The three grounds mentioned in United Fire's no-evidence motion concerned the causes of action founded upon breached contract and the violation of Texas Insurance Code provisions involving misrepresentation. As previously mentioned, the latter claims were severed from the former into a separate suit; they are not part of this appeal. Thus, we address only the argument pertaining to the breached contract claim.
Per the argument, United Fire alleged that Gossetts had no evidence that hail from the May 2013 storm in question damaged the roof. Our review of the summary judgment record uncovered such evidence within the deposition of Owens.

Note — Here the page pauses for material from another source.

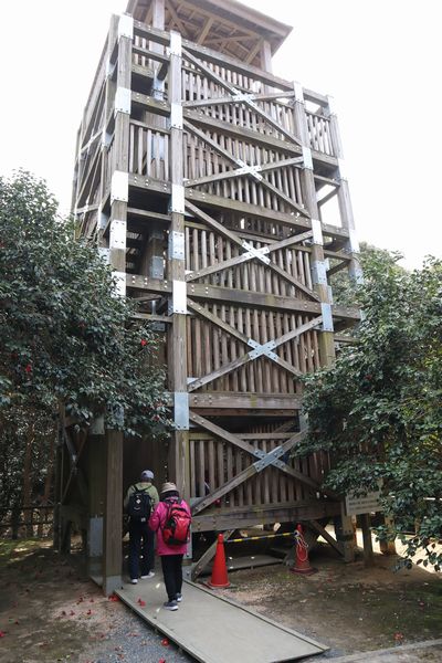 ヤブツバキ原生林の中にある展望台 |

He testified that both he and the appraiser for United Fire discovered hail damage. See Ford Motor Co. v. Ridgway, 135 S.W.3d 598, 600 (Tex. 2004) (stating that a question of material fact arises and precludes summary judgment if more than a scintilla of evidence establishing the existence of the challenged element is provided). Consequently, the trial court did not err in denying this ground of the no-evidence motion.
The final judgment is reversed, and the cause is remanded to the trial court for further proceedings.